= Pun Sing-lui =

Performance artist

Pun Sing-lui (Chinese: 潘星磊; pinyin: Pān Xīnglěi) is a mainland-trained performance artist and Hong Kong resident. His most notable and contested work is Red Action, which he staged after he attended the June Forth vigil held annually in Victoria Park in Hong Kong in 1995. This performance was covered by many local and international press and art historical studies as it was seen as a response to colonial politics, as well as an act of "artistic urge" and vandalism. Some consider it as "the most famous political stunt in Hong Kong history".

== Early life and education ==
Pun was a participant of the 1989 Tiananmen Square protests. A photograph of him going on a hunger strike during the protests was featured on the cover of Le tremblement de terre de Pékin, a 1991 book about the uprising written by French authors Michel Bonnin, Jean-Philippe Béja, and Alain Peyraube.

In 1992, Pan graduated from the Sculpture Department Central Academy of Fine Arts in Beijing and immigrated to Hong Kong.

== Renowned vandalism ==
Pan's most well-known performance work is named Red Action. On 16 September 1996, shortly before Hong Kong's handover to China, Pun covered the bronze statue of Queen Victoria in a public park with a layer of red paint, and smashed its nose with a hammer. The artist then waited for the press and the police to arrive and claimed his pviolence was a protest against the "colonial culture" in Hong Kong before undergoing court-mandated psychological evaluation and imprisonment for twenty-eight days. The statue was subsequently restored, at a cost of $150,000.

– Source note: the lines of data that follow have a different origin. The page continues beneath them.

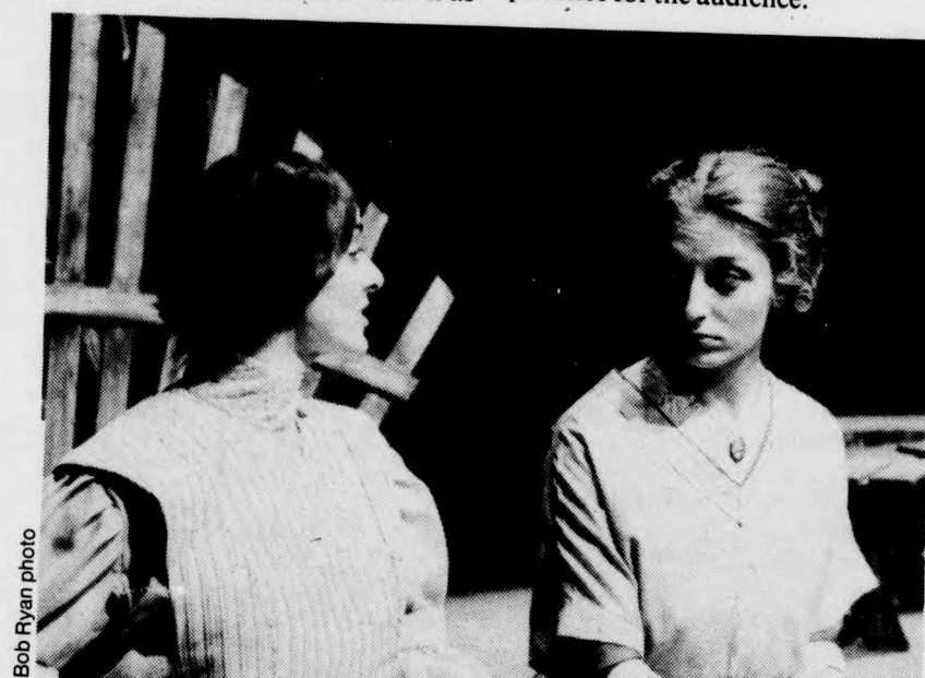
Our Town is at Atkinson studio until Saturday.

Someone in the theatre department is teaching, 'The stage design must be a neutral frame for the actors.' The student designers have taken this idea to the extreme by using every neutral colour in the artist's palette to create a depressing and emotionally debilitating experience for the audience.
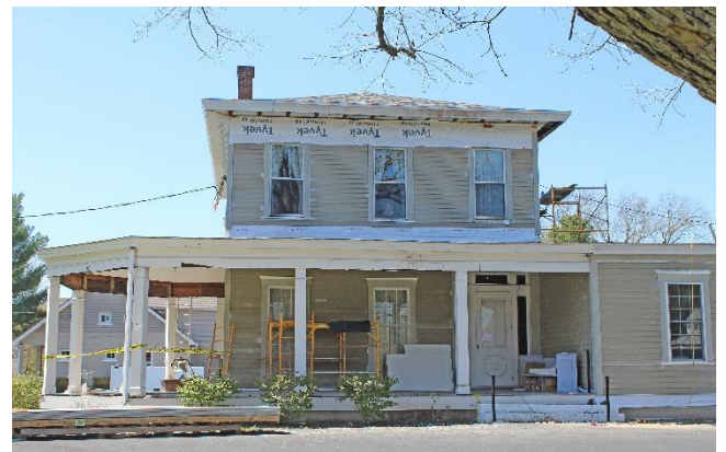
Note the removal of the railings and new rounded columns

New porch flooring and new railings will be installed.
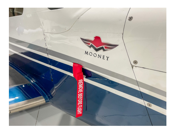
Mooney NACA Plug

Engine Inlet Plugs are custom fit for your Mooney Ovation & Ovation Ultra intakes, made with heavy-duty vinyl material, and stuffed with a single block of sculpted urethane foam. Each plug has a zipper that allows the foam to be removed and dried if necessary. Engine plugs have warning flags that are visible from the cockpit or 'remove before flight' streamers sewn onto the face of the plugs. Most plugs are imprinted with the aircraft registration number in black for an extra charge. Storage bag NOT included. Engine plugs may be inserted after flight when the engine is still warm. Engine Inlet Plugs are commonly referred to as Cowl Plugs, Intake Plugs, Cowl Blocks, Engine Blocks, and Engine Bungs.
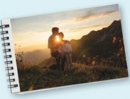
Photo book 4x6.
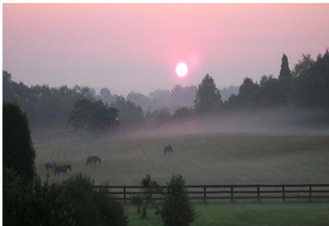
A spectacular sunrise over the broodmare pasture at Hacienda Radiante
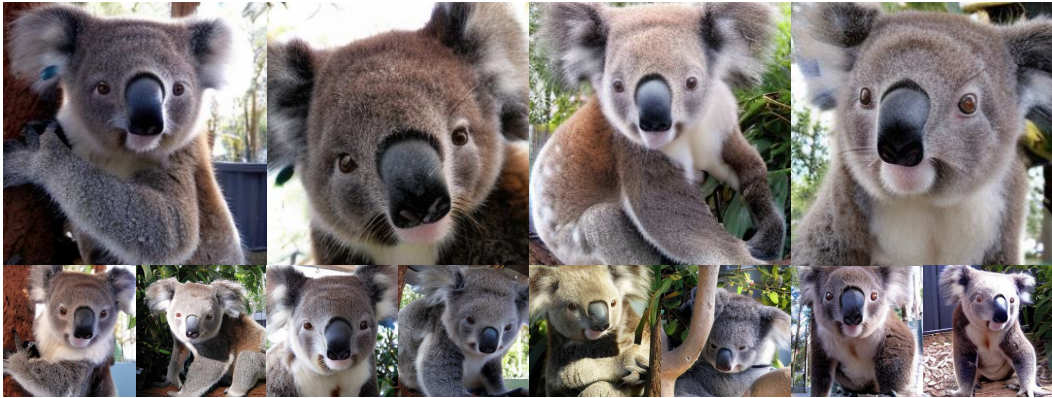
Figure 11: The visualization results of SiT-XL/2 + REG use CFG with w = 4.0 , and the class label is “Koala” (105).
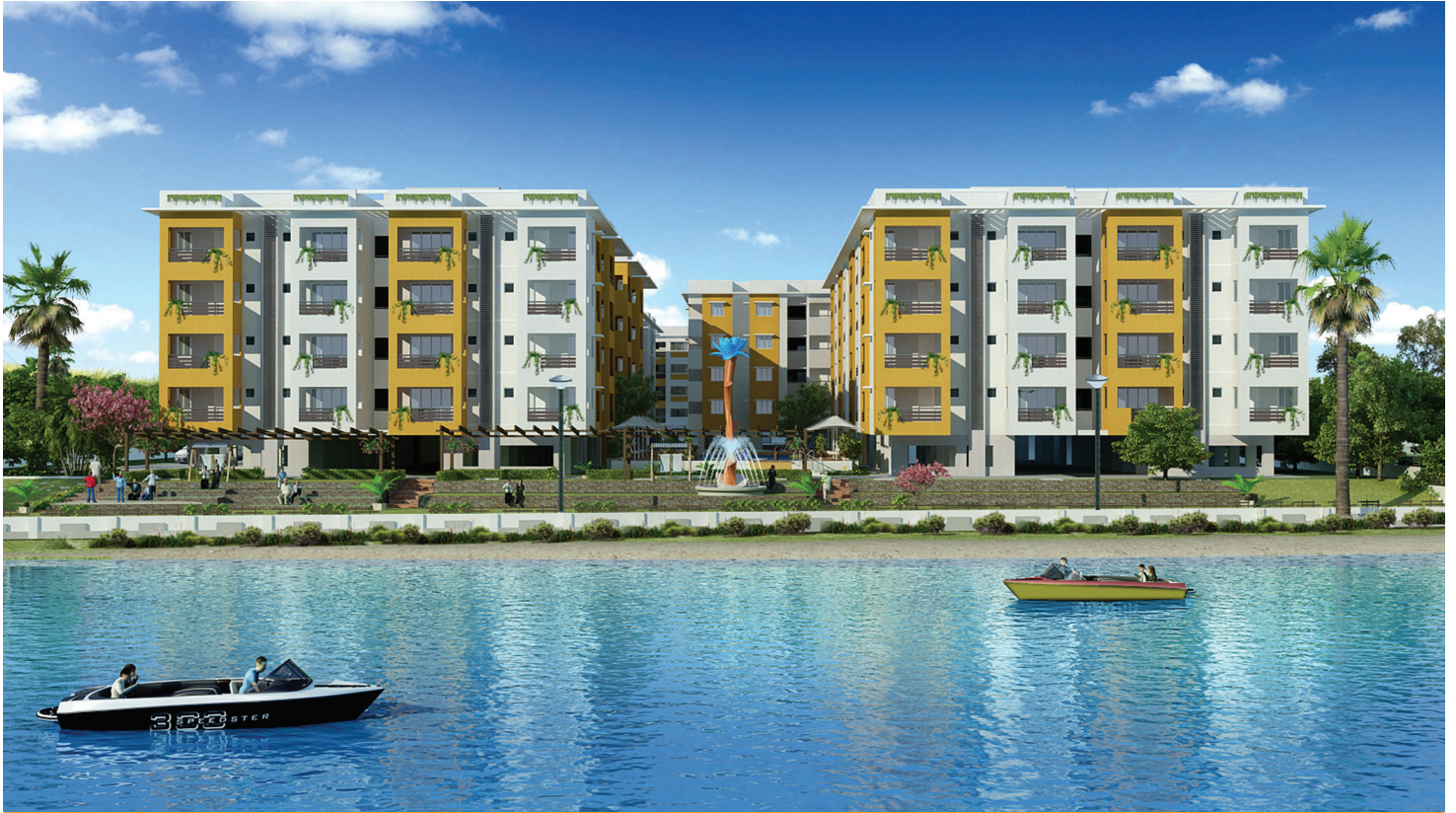
204 Units: 2 BHK, 3 BHK and Studio Apartments

A walk by the lake is sheer delight; even a little peek at it from the window can take away all the stress of the day. Living in a home close to a lake is nothing short of pure bliss. Come reside amidst greenery, serenity and harmony. Come reside at Pushkara.
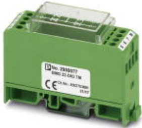
Diode module, with 7 diodes, common anode, diode type 1N 4007

Please be informed that the data shown in this PDF Document is generated from our Online Catalog. Please find the complete data in the user's documentation. Our General Terms of Use for Downloads are valid ( http://phoenixcontact.com/download )
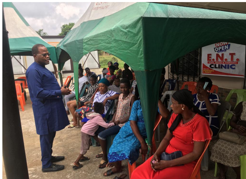
Figure 2: ACE-PUTOR center leader declaring the outreach open

The outreach had the following services:
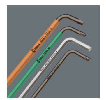
The size of each L-keys has been engraved by a laser. In addition Take it easy L-keys have a colour coding according to sizes - for simple and rapid accessing of the required tool. Making it easy to find the right tool.

Hexagon screws can endure a problem because the contact surfaces delivering the power from conventional the tool, is transferred to the screw via very small surface areas. The consequence: the screw can become damaged (rounding out). Hex-Plus tools have a greater contact surface that prevents this from happening! At the same time, as much as 20 % more torque can be applied. Good to know: Hex-Plus tools fit into every standard hexagon socket screw!
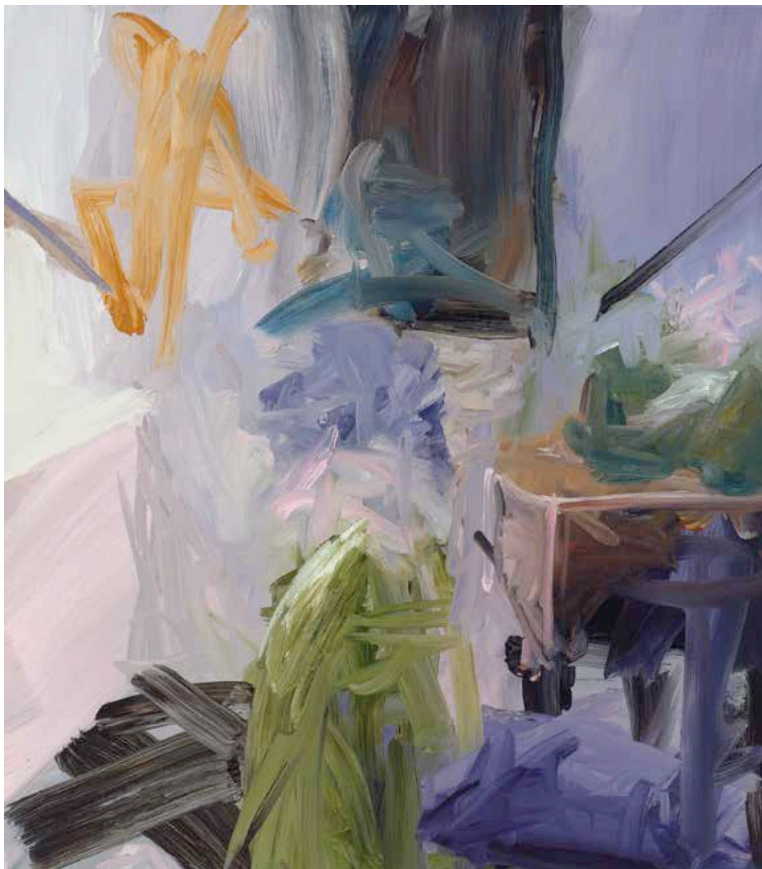
7 Elise Ansel , In Pursuit of a Geometry of an Exact Expression V , oil on canvas, 31 x 27½". Private collection, courtesy Cadogan Contemporary, London, England. Photo by Luc Demers.
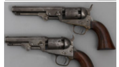
Colt Pocket Pistols, Model #1849
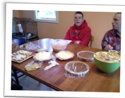
Enjoying treats at the holiday party
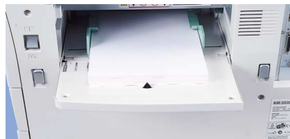
200-sheet bypass for increased flexibility
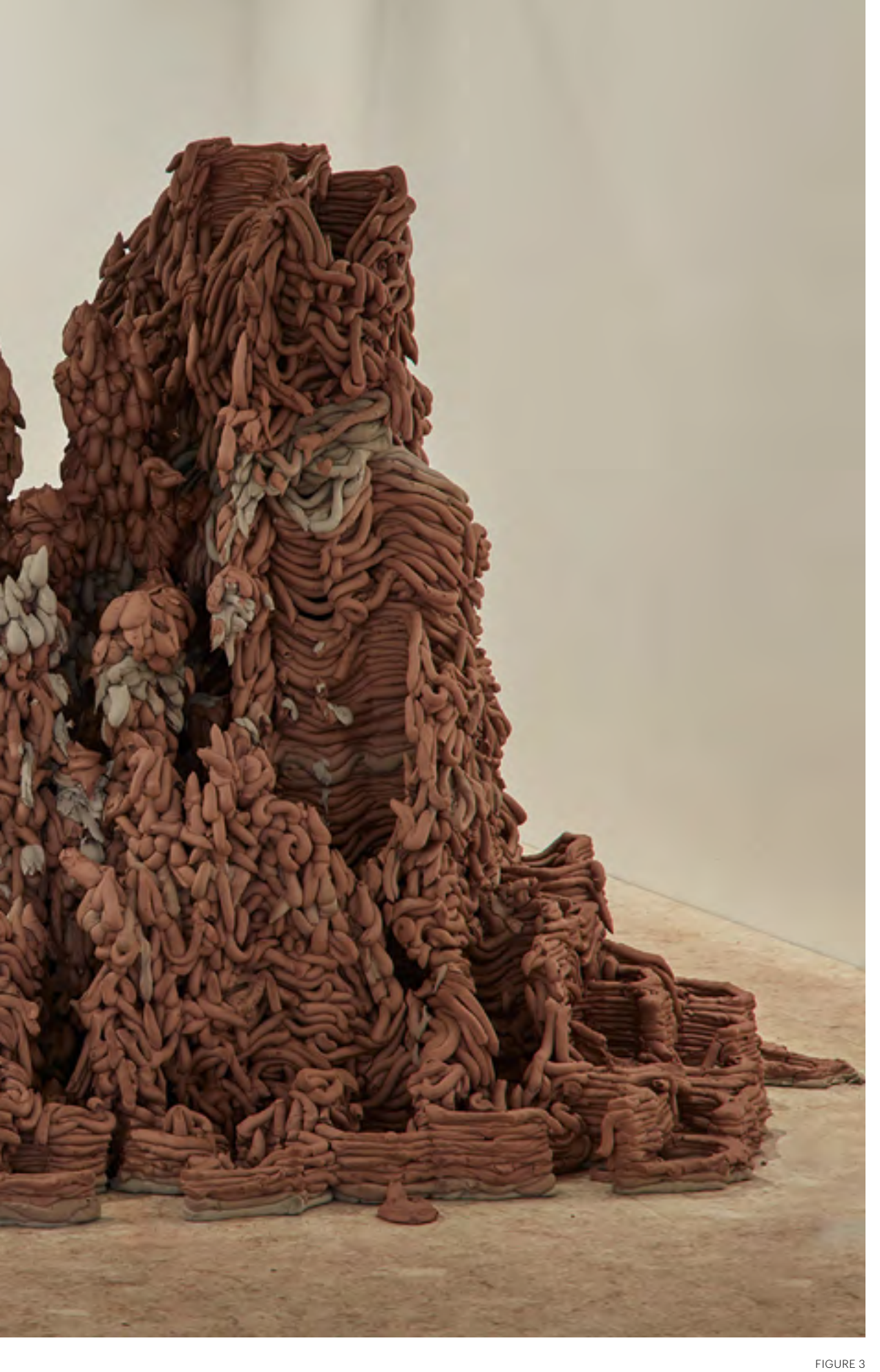
Figure 3 Beautiful Minds 2015–2017

aluminium, clay, pump, software 196 7/8 x 196 7/8 x 196 7/8 inches © Anya Gallaccio
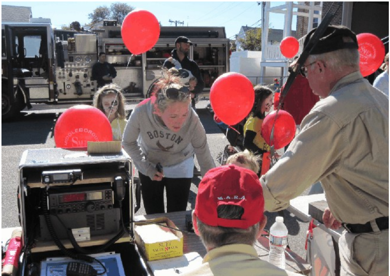
A little Morse Code
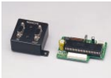
BKM-103 Serial remote control kit for RS422A
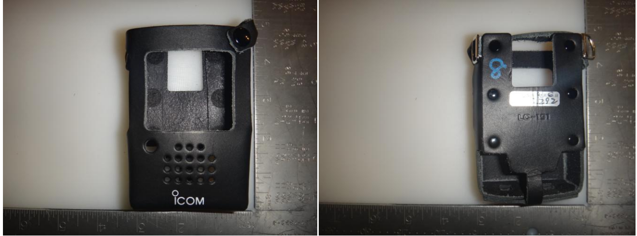
<LC-191 CARRYING CASE>
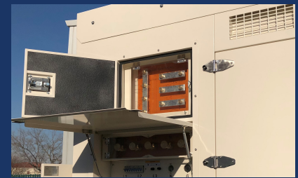
LINK BOARD VOLTAGE SELECTION
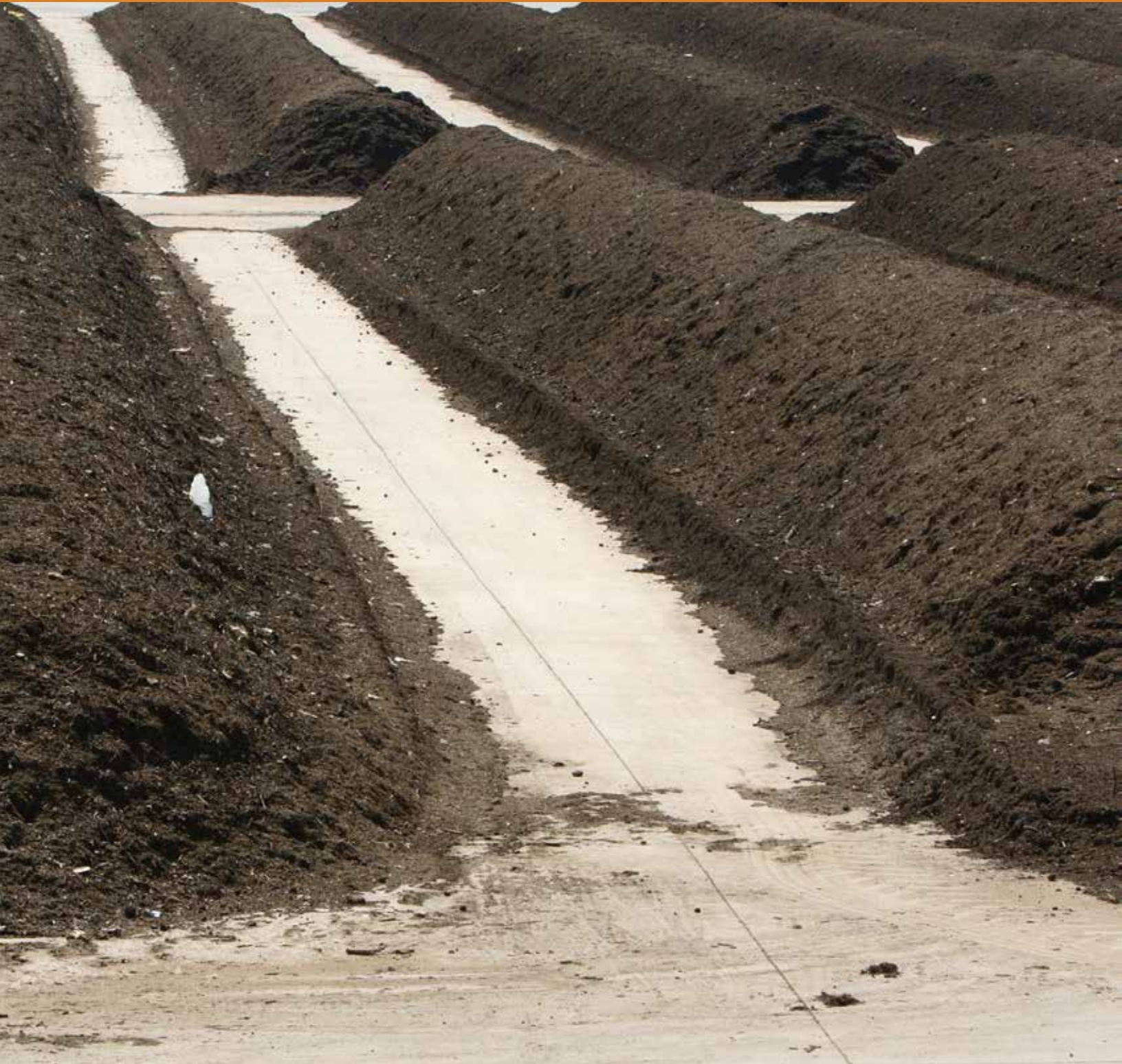
Rows of mulch at a green waste recycling plant.
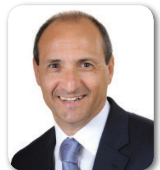
Hon. Christopher Fearne Chairman of the Standing Committee on Foreign and European Affairs

In Malta I also hold meetings with ambassadors accredited to Malta. It is a privilege for me to chair the Standing Committee on Foreign and European Affairs and I wish to take this opportunity to thank the Minister for Foreign Affairs, Hon. George Vella, Hon. Luciano Busuttil, Hon. Ryan Callus, Hon. Marlene Farrugia, Hon. Carmelo Mifsud Bonnici, Hon. Marthese Portelli, Hon. Silvio Schembri and Hon. Francis Zammit Dimech for their input and collaboration as Members of this Committee.
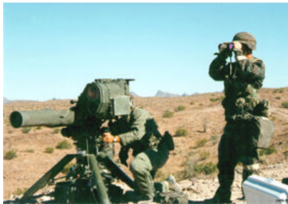
Figure 5: US Army TOW ITAS.

The Army awarded in December 2001 a five-year PBL contract to the original equipment manufacturer (OEM). The contract was fixed-price, fixed-fee, with performance adjustments for increases in Operational Readiness rate above a certain level. The PBL arrangement has supported multiple deployments in Iraq and Afghanistan.
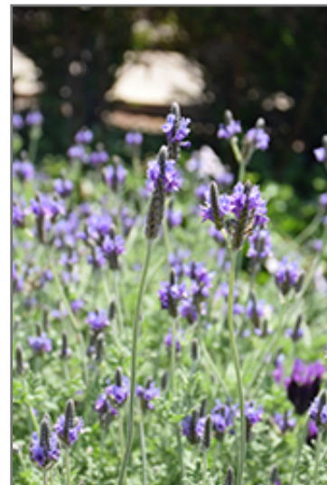
Fernleaf Lavender flowers

Fernleaf Lavender is recommended for the following landscape applications;
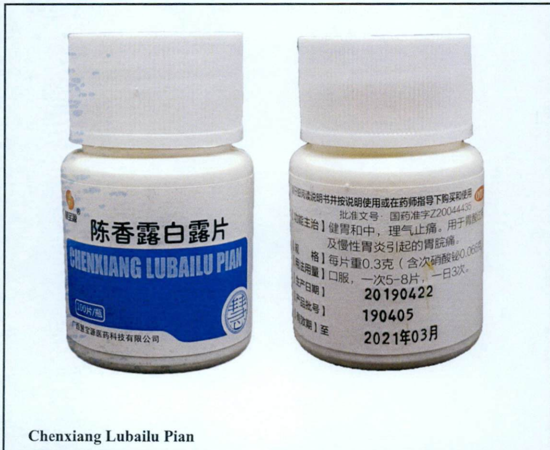
Chenxiang Lubailu Pian

The Food and Drug Administration (FDA) advises the public against the purchase and use of the following unregistered drug products:

For Pun, vandalising the statue represents an act of reclaiming agency, an opportunity to reject colonial culture, even if the Chinese went in great number to exploit the colony, considering the low quality life from China, and to challenge the values that the statue symbolises in "a period of colonial domination." In an interview with Mariana Wan in the South China Morning Post, Pun offered the following rationale for his performance:"I smashed this statue. The message is loud and clear: I am saying no to colonial culture. I do not hold anything against Queen Victoria personally. What I am against is the era the statue represents; an era of colonialism. A lot of people do not know why this statue is in the park. Or if they know they are not aware of its significance . . . In Hong Kong, nobody thinks hard on the significance of the statue of Queen Victoria. A lot of artists and people said they had fond feelings towards this statue; that as children, they had played under it. This I find very strange. I don't know whether that is due to the fact that Hong Kong has neglected its education on historical and cultural matters . . . A museum is a perfect place for it so that people, the future generations, can reflect on the history of Hong Kong. Not a park."The performance received negative reactions although it has been considered as a significant artistic act demanding democracy. Artist and art critic Leung Po Shan Anthony argued that this act evoked fear among Hong Kong people of the Cultural Revolution and the prospect of future Communist rule. It was criticized as an "outdated act of resistance" by nationalism against colonialism, and it highlighted a "severe divergence" in the emotional fabric between the people of Mainland China and Hong Kong.